• **YOUR GOAL**: Reproduce, word for word, the lines in the material below starting with the one that has "路径分析术语。由相关的外生变" and going on through the one that has "Öffnungszeiten Die Bruckmühle". Leave out all pictures.
--- START ---
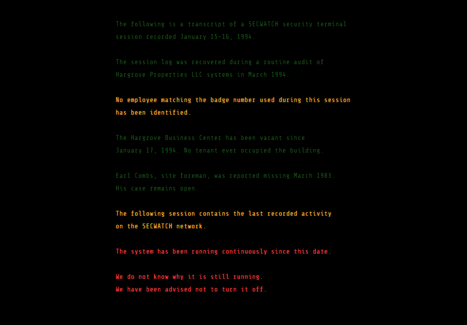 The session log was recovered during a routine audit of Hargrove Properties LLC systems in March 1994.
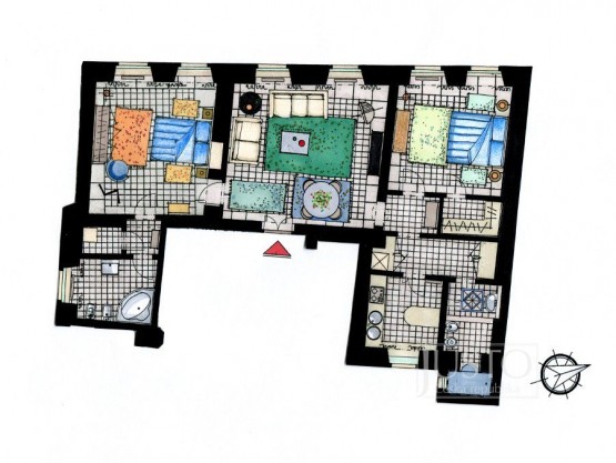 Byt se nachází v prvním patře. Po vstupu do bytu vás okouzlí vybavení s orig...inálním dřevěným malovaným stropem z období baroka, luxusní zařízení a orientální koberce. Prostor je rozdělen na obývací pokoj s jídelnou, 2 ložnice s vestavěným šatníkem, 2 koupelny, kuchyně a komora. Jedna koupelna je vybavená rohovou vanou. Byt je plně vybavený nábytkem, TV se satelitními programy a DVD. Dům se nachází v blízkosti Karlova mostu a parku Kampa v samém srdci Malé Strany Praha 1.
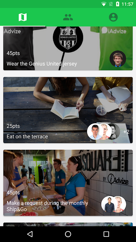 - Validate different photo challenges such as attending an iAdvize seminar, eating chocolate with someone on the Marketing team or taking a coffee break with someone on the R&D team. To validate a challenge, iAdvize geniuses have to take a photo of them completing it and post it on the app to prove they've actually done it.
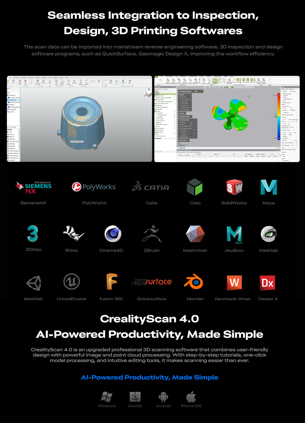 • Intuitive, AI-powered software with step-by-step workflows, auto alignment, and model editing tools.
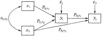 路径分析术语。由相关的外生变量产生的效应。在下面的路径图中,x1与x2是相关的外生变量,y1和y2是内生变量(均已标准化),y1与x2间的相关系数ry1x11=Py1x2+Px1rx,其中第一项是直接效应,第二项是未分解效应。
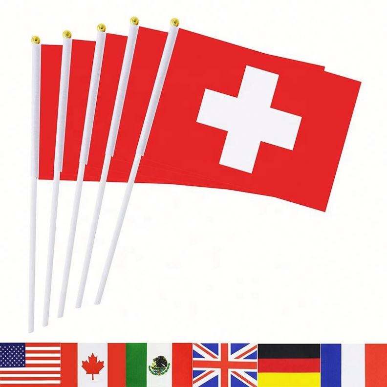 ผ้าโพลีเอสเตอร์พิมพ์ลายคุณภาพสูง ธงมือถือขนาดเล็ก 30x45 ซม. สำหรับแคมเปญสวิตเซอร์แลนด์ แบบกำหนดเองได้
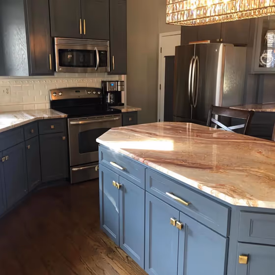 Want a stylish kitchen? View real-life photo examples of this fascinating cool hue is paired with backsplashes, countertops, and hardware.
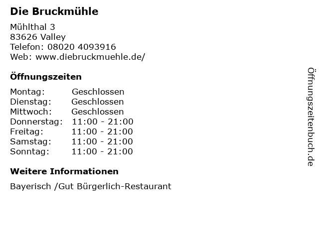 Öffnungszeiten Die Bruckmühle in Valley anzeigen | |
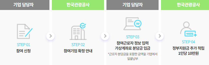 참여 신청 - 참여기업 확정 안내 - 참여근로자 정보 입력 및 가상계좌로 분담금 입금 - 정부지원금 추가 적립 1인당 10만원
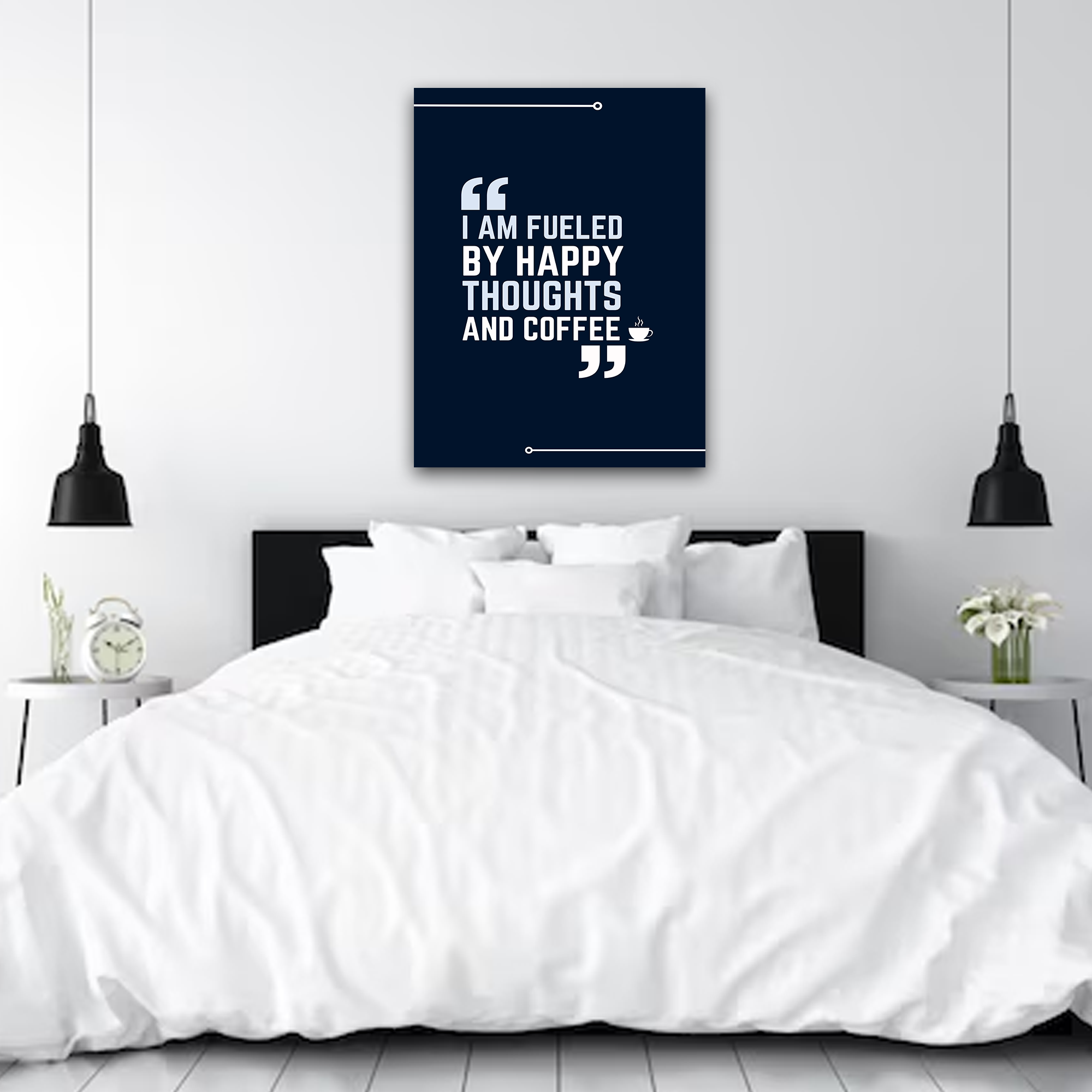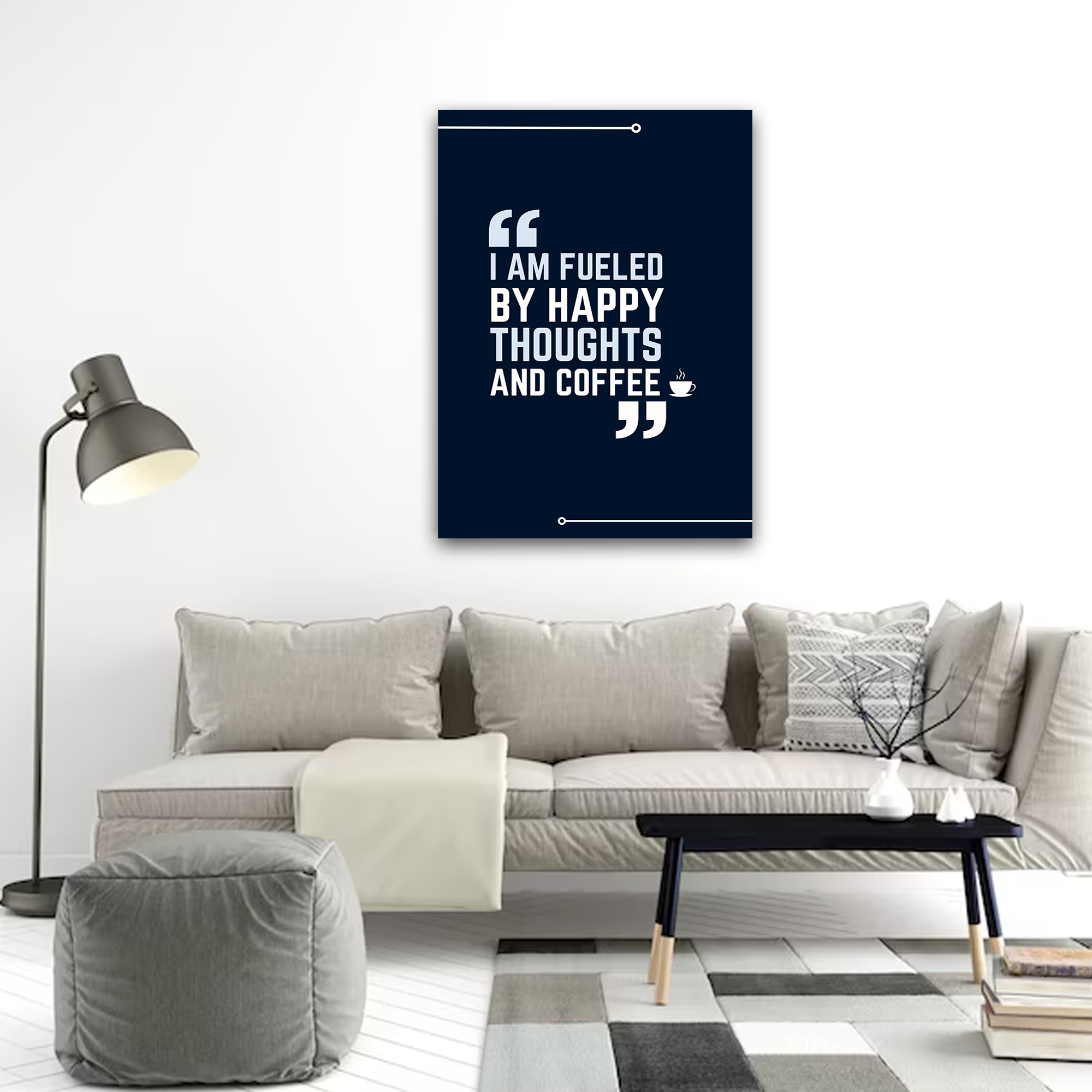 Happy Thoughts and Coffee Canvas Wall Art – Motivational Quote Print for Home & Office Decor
--- END ---
• **ANSWER TO THIS EXERCISE**:
 路径分析术语。由相关的外生变量产生的效应。在下面的路径图中,x1与x2是相关的外生变量,y1和y2是内生变量(均已标准化),y1与x2间的相关系数ry1x11=Py1x2+Px1rx,其中第一项是直接效应,第二项是未分解效应。
 ผ้าโพลีเอสเตอร์พิมพ์ลายคุณภาพสูง ธงมือถือขนาดเล็ก 30x45 ซม. สำหรับแคมเปญสวิตเซอร์แลนด์ แบบกำหนดเองได้
 Want a stylish kitchen? View real-life photo examples of this fascinating cool hue is paired with backsplashes, countertops, and hardware.
 Öffnungszeiten Die Bruckmühle in Valley anzeigen | |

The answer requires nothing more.